Chop the onion and cubanelle or Italian peppers in the work bowl of a food processor until coarsely chopped. With the motor running, add the remaining ingredients one at a time and process until smooth.

The sofrito will keep in the refrigerator for up to 3 days. It also freezes beautifully. Freeze sofrito in ½ cup batches in sealable plastic bags. They come in extremely handy in a pinch. You can even add sofrito straight from the freezer to the pan in any recipe that calls for it.

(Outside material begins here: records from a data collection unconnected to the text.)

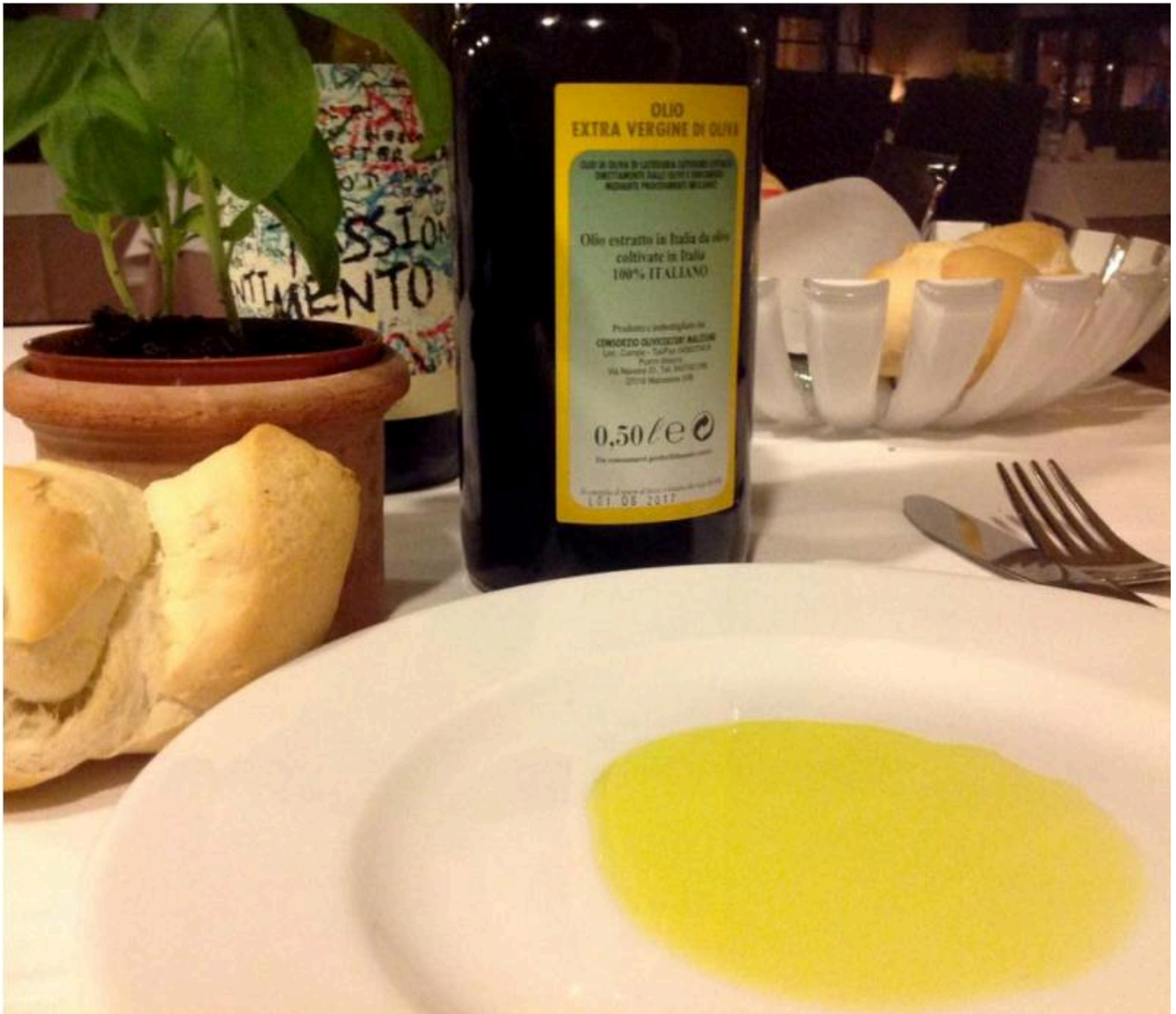
Olio Extra Vergine di Oliva del Consorzio Olivicoltori di Malcesine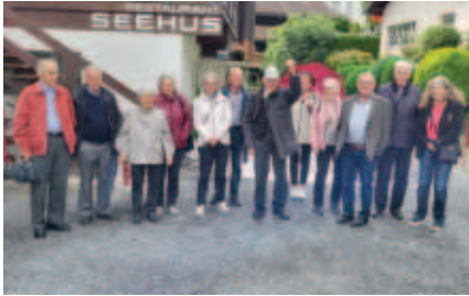
Bereit für den Marsch nach Au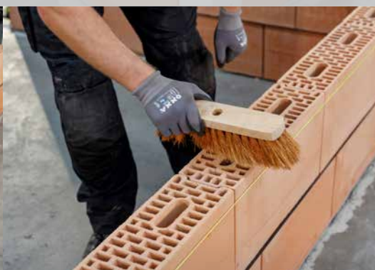
14. Brossez les blocs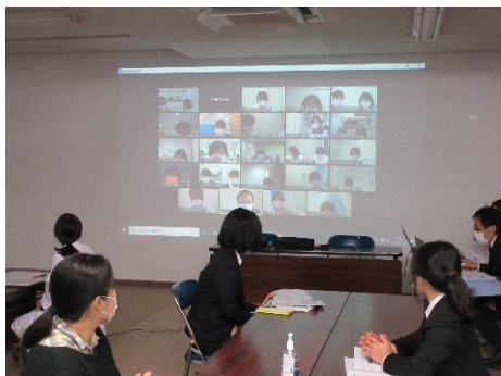
【集合・Webのハイブリッド開催】

12月14日(月)、各施設の入職1～3年目の実践能力向上を目的として、予期せぬ検査データが出た際の対応『検体検査編』をテーマに開催しました。研修会では検査前、中、後に分けて事例を提示し、各工程で起こりうる「原因」「対策」を各講師の経験を踏まえた内容で行いました。参加者からは、特に夜勤一人で不安なことも多いが、検査結果についてあらゆる可能性を考え報告することの重要性を再確認できたことや、他施設の意見や対策が共有できて役立つという感想が多く寄せられました。各施設においても情報共有して頂けるよう定期的な開催に努めてまいります。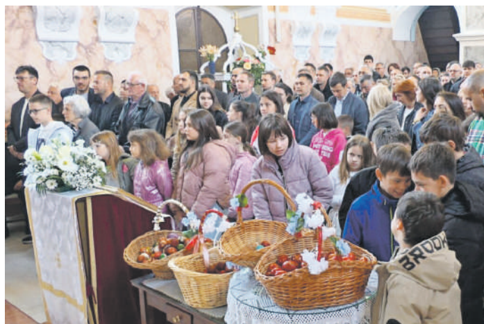
» Васкршња туцијада у Борову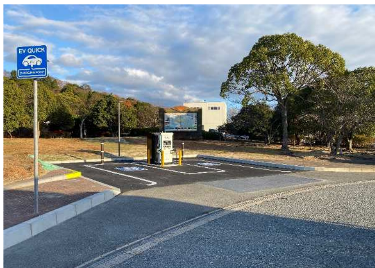
急速充電設備 設備イメージ (参考 E2 山陽自動車道 佐波川 SA 下り線)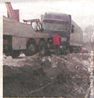
O mały włos nie doszło do tragedii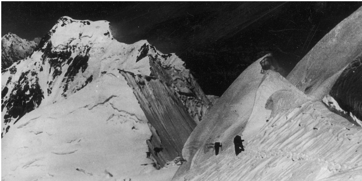
Wspinaczka na Nanga Prabat, wyprawa Willyego Merkla, 1934 r.

https://przystanekhistoria.pl/pa2/teksty/125518,Najwazniejsze-bylo-po-prostu-byc-w-gorach-Halina-Krger-Syrokomka.html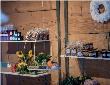
Gluschtiges im Hofladen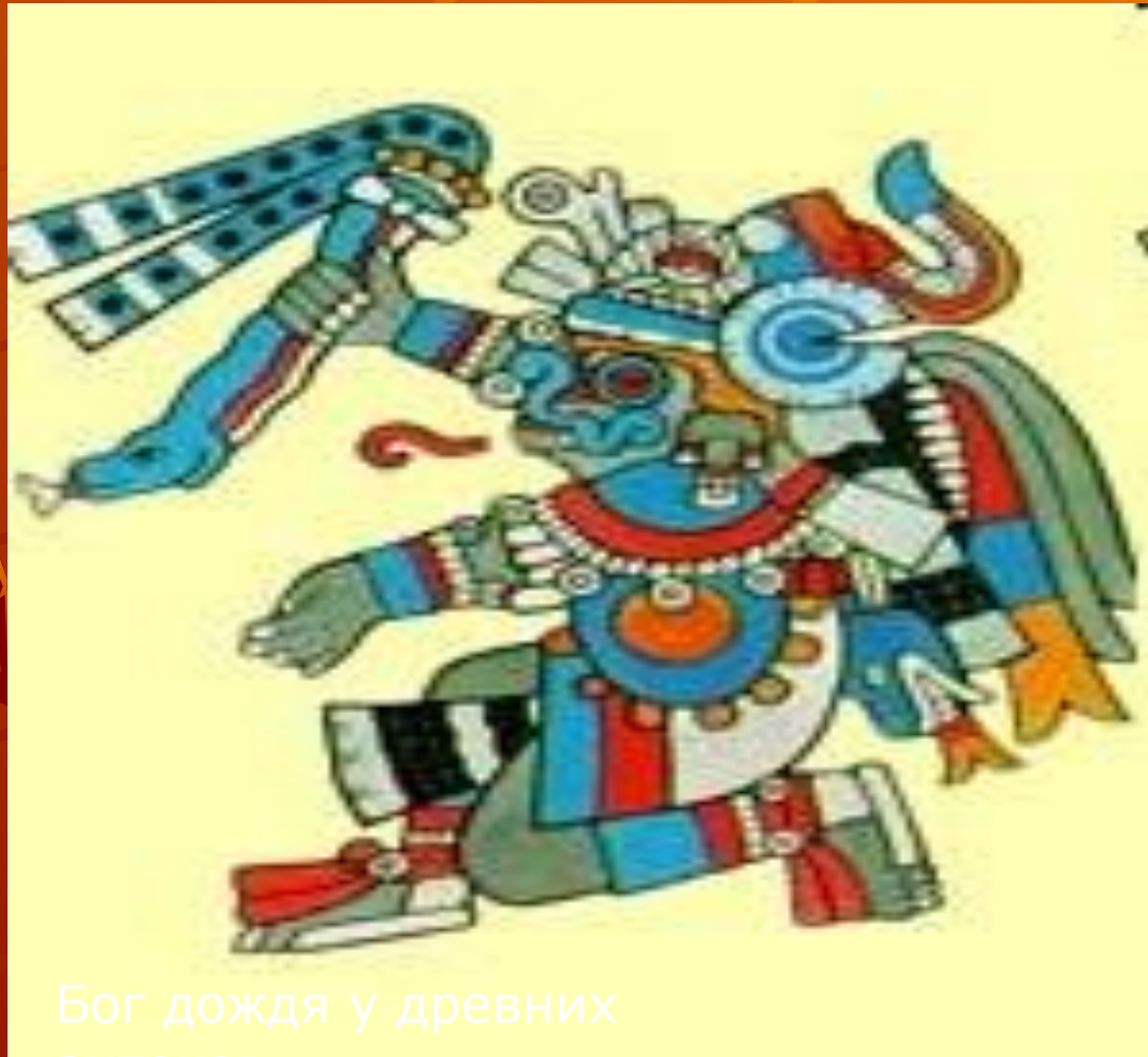
Бог дождя у древних ацтеков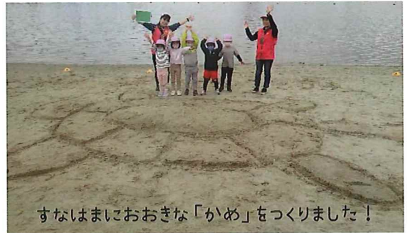
すなはまにおおきな「かめ」をつくりました！

ひろいすなはまでたっぷりのすなをつかってあそぼう！みんなでちからをあわせて、おおきなすなのさくひんをつくろう。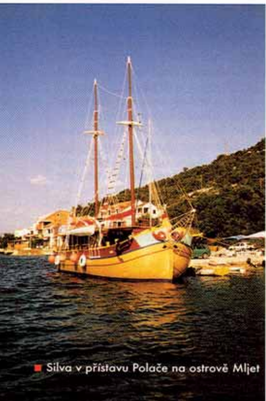
■ Silva v přístavu Polače na ostrově Mljet

paluby a hurá do terénu. Náš peloton se záhy rozdrobil na malé skupinky a jednotlivce. S mapkou v ruce však nemusel mít nikdo obavu, že se ztratí. Jako jediný z výpravy jsem měl silniční kolo – starého favorita, což omezovalo mé jízdní možnosti na asfaltky. Někteří majitelé horských kol si však líbovali v přírod-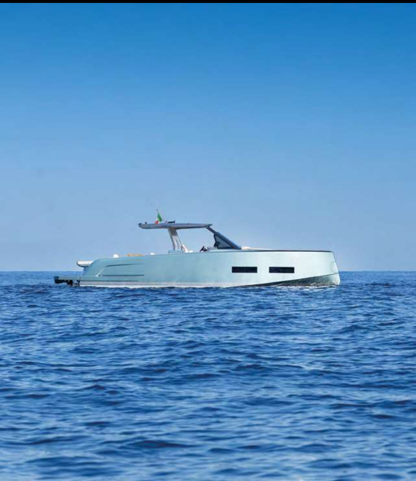
FLOWING SHEERLINE / SHEERLINE DISCENDENTE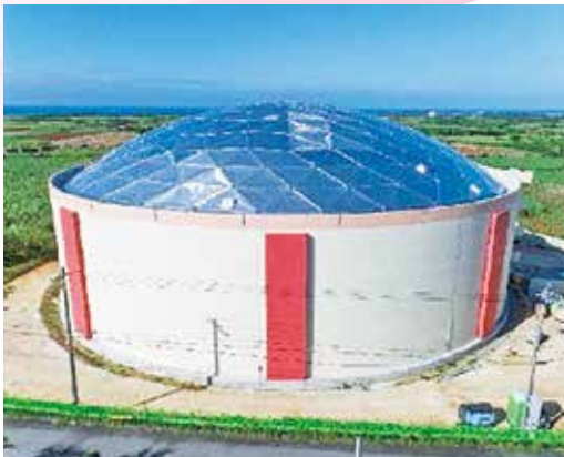
牧山ファームポンド（宮古伊良部）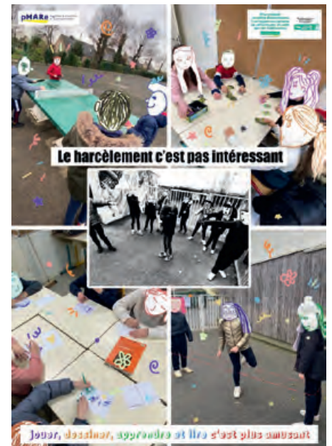
Affiche réalisée par les enfants accompagnés par Lauriane, pour le concours Phare.

Tout au long de l'année, les enseignants et les animateurs de la pause méridienne travaillent ensemble pour un climat scolaire serein et favoriser le vivre ensemble.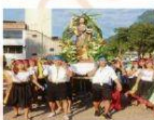
B. San Juan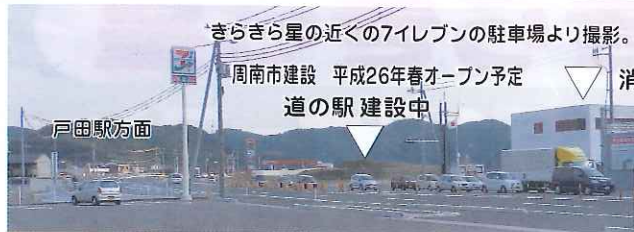
きらきら星の近くの7イレブンの駐車場より撮影。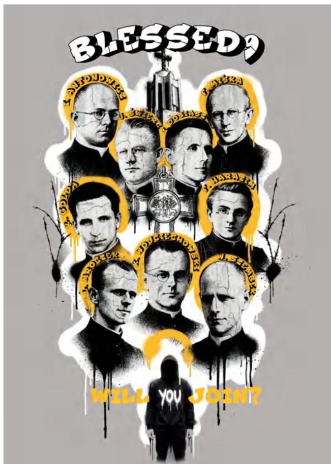
Projekt kl. Krystian Szornel; Grafika: Karolina Krzywińska

Po święceniach wrócił do Polski. Powierzano mu wiele zadań. Przygotowywał nowicjat w nowo otwartym domu salezjańskim w Daszewie, w 1905 r. został dyrektorem szkoły w Oświęcimiu (tam znajdowała się pierwsza placówka salezjańska na ziemiach polskich) a w 1911 r. kierownikiem zakładu wychowawczego im. Lubomirskich w Krakowie. W czasie I wojny światowej opiekował się rannymi żołnierzami i uchodźcami wojennymi.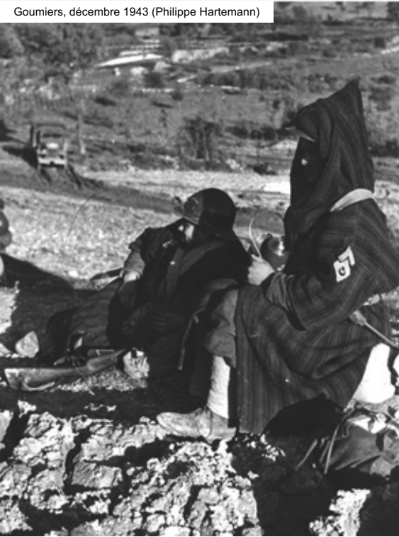
Goumiers, décembre 1943 (Philippe Hartemann)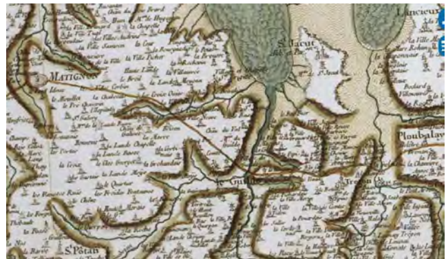
Carte Cassini, Geoportail, 1740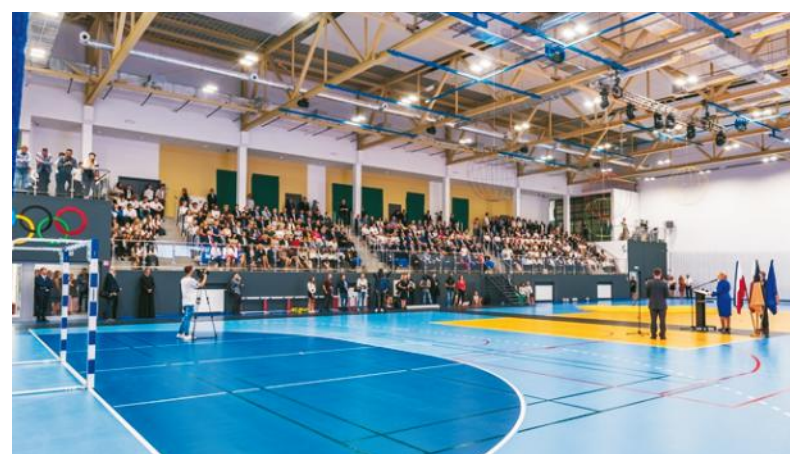
Pełnowymiarowa hala sportowa przy wejherowskiej „samochodówce” to w tej chwili jedyny taki obiekt w Wejherowie

W nowej hali prowadzone będą nie tylko zajęcia lekcyjne i pozalekcyjne. Powstały obiekt umożliwi rozszerzenie współpracy z klubami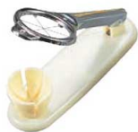
⑥玉子切器 縦型 (6分割)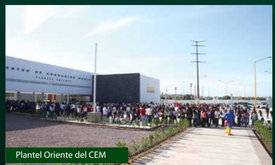
Plantel Oriente del CEM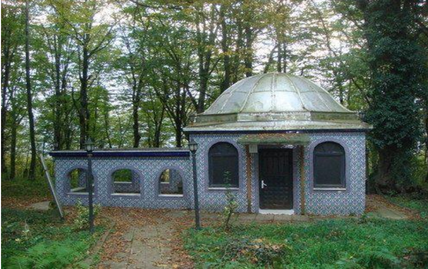
Resim- 18: Şeyh Abdullah Türbesi – Ulubey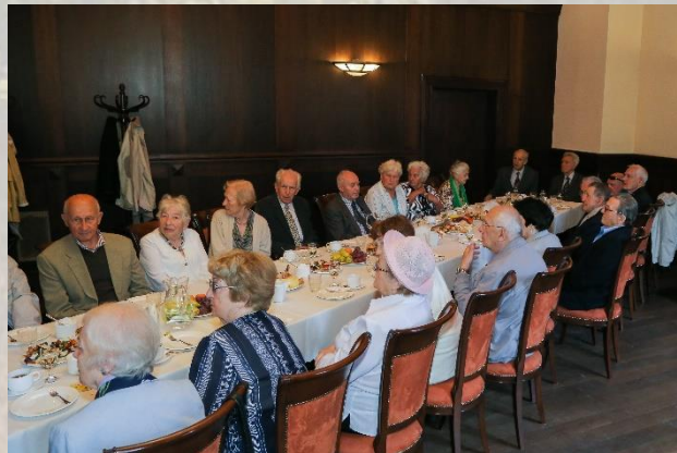
17 czerwca 2015 r. Spotkanie Seniorów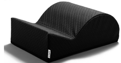
フレックスバレル®くじら型

相撲の「股割り」をヒントに開発され、骨盤が立ち、股関節周辺を効果的にストレッチやエクササイズができます。日米韓プロ野球・日欧プロサッカー・日米バスケットボール・フィットネスクラブのストレッチスペース、グルーブレスン等、様々なスポーツの現場で導入されています。また柔軟性を必要とする新体操やフィギュアスケートなどの現場、米国ファンクショナルトレーニングで有名なマイク・ボイル氏のジムMBSCでも大量に導入されているヒット商品です。プライオメトリクスで有名なドナルド・チュエ氏のジムにも納品しました。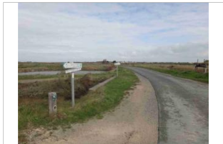
Repère Xynthia - Piste Cyclable - Dieppe/ Les Levées neuves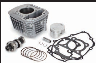
Sステージキット145cc(カムシャフト付属)

本製品は、SP武川製エンジンパーツ用に開発されたSP武川オリジナルの“ビッグスロットルボディークिट”です。エンジン周辺にコンパクトに収めることができ、車両のシルエットを崩すことなく、取付けできます。又、カウルや配線の加工は一切必要無く、取り付けできます。吸入効率に優れたエアフィルターが付属 ※ノーマル車両には使用できません。 Φ34mmのビッグスロットルボディークिटを採用することで、SP武川製エンジンパーツの性能を最大限に引出し、出力アップが可能になります。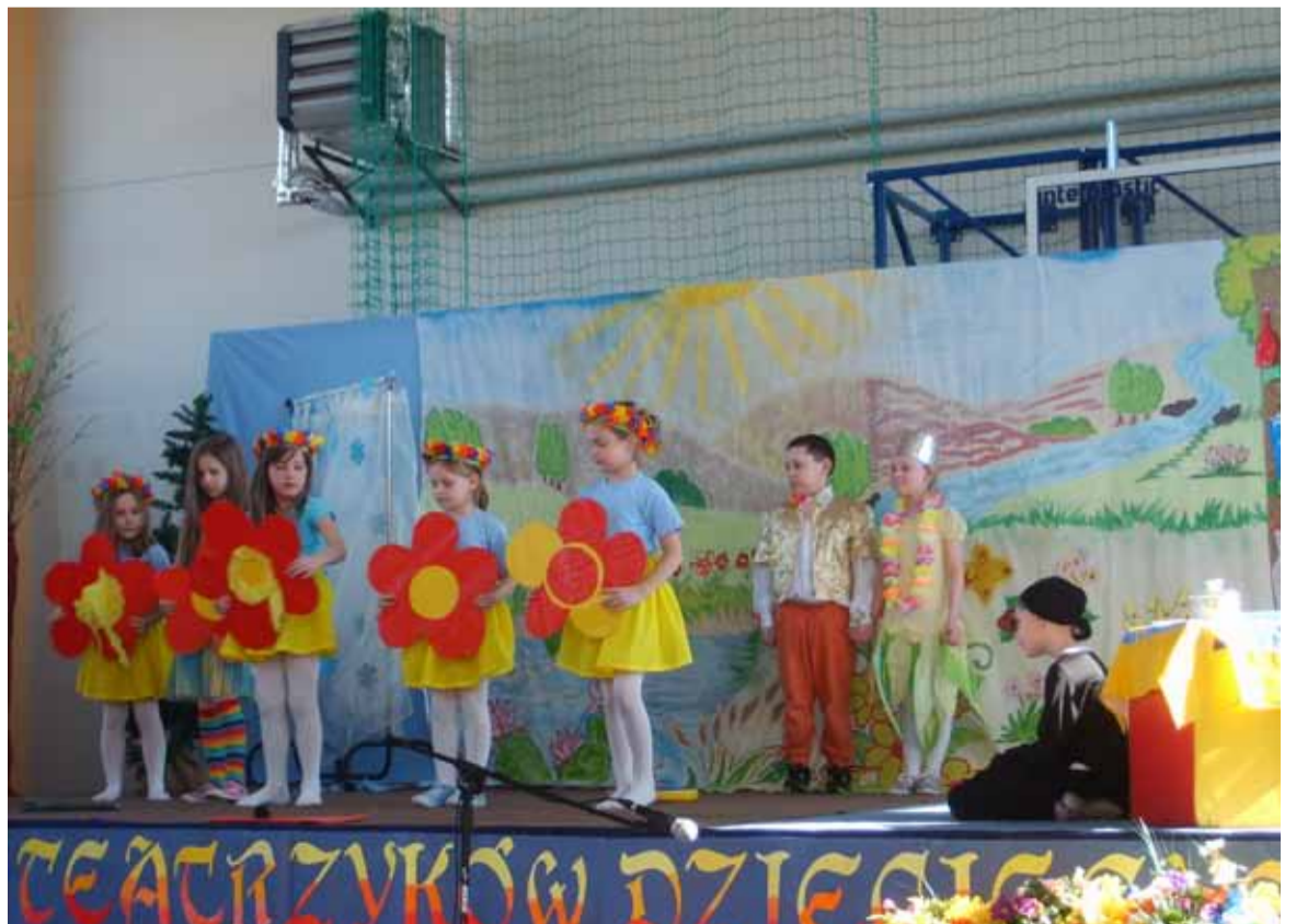
Scena z „Calineczki” w wykonaniu gospodarzy – uczniów szkoły we Włynkówku.

*Pantry Notes:* Ajices Dulces, also known as cachucha or ajicitos are tiny sweet peppers with a hint of heat. They range in color from light to medium green and yellow to red and orange. They add freshness and an herby note to the sofrito and anything you cook. Do not mistake them for Scotch bonnet or Habanero chilies (which they look like)--those two pack a wallop when it comes to heat. If you can find ajicitos in your market, add them to sofrito. If not, up the cilantro and add a pinch of cayenne pepper. Culantro is not cilantro. It has long leaves with tapered tips and serrated edges. When it comes to flavor, culantro is like cilantro times ten. It is a nice, not essential addition to sofrito. In my area.. I find that Culantro leaves are readily available at most asian markets.


----------



## bluezebra (May 19, 2007)

So I made the sofrito tonight. I made it without tomato this time for a difference and it was really good. Here's what I did.

1/2 lb bacon, chopped coarsely
1-1/2 yellow onions
3/4 of a large bell pepper
2 fresh jalapenos
2 tsp parsley flakes, dried
1 tsp dried thyme
1 tsp dried oregano (out of Mexican oregano)
8 large cloves garlic
2 tbsp apple cider vinegar
1 pinch cayenne pepper

Instructions:
Saute bacon pieces on medium until crisp. Remove bacon pieces and reserve grease. Add veggies and spices and cook on low until tender and falling to pieces (about 30-45 minutes). Add apple cider vinegar in the last 15 minutes of cooking and let it reduce. Taste to adjust salt and pepper. During the last 10 minutes of cooking I added back a light handful of the bacon pieces and let it cook into the sofrito. YUM!

I added 1/2 of the mixture to my 1-1/2lbs of fresh pintos after they were almost cooked through. At that point I added salt to the beans and let them simmer till tender. I had cooked them last nite with a couple of pieces of bacon and 1/2 of an onion and alot of water to make a borracho.

Two thumbs up for tomorrow!


----------